Experimental and numerical investigation into the influence of galling on liner wrinkling behaviour in mechanically lined pipes

• FSBT and FEM validated the mechanical response of MLPs with natural galling. • Galling triggered wrinkling, reducing onset strain by 32% without global loss. • Galling height and circumferential position are dominant instability drivers. • Proposed framework improves DNV predictions and reduces design conservatism. Mechanically lined pipes (MLPs) are widely used in offshore pipelines because they combine the structural capacity of carbon steel with the corrosion resistance of a CRA liner. However, their integrity can be compromised by liner wrinkling, a local instability that occurs when compressive bending strains act on the thin CRA liner. Liner wrinkling is sensitive to geometric imperfections, as small manufacturing-induced surface defects can trigger early strain localisation. While the influence of large imperfections such as dents has been documented, the destabilising effect of smaller imperfections, such as those caused by galling, remains poorly understood. This study addresses this knowledge gap through a combined experimental–numerical investigation. A full-scale bending test (FSBT) was performed on an MLP specimen containing galling indications, and the results were used to validate a finite element model that incorporated the measured defect geometry. Comparison with a galling-free pipe showed that although galling has negligible impact on global bending stiffness, it acts as a critical trigger for liner wrinkling, reducing the onset strain by 32% and shifting the wrinkle initiation to the defect location.
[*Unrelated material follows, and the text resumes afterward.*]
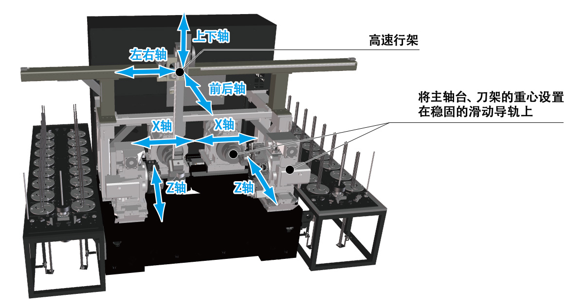 依靠高速行架,將生產節拍縮至更短 裝卸工件時,主軸臺移動至裝卸位置。任意刀架位置,行架可直接進入機床。 因手柄旋轉采用伺服驅動,以及所有動作的速度升級,使得4秒※完成工件裝卸成為現實。 ※不包含上側防護門開關時間。 4秒裝卸時間屬于實測值,根據運轉條件有可能超出4秒。

A parametric study further demonstrated that galling height and circumferential position relative to the maximum compressive fibre are the dominant drivers of instability. Building on these insights, a new performance-based design framework is proposed by introducing calibrated modification factors into the existing DNV-JIP wrinkling equation. This framework links manufacturing quality, imperfection severity, and internal pressure to structural capacity, providing an accurate and less conservative basis for predicting wrinkling resistance in engineering design.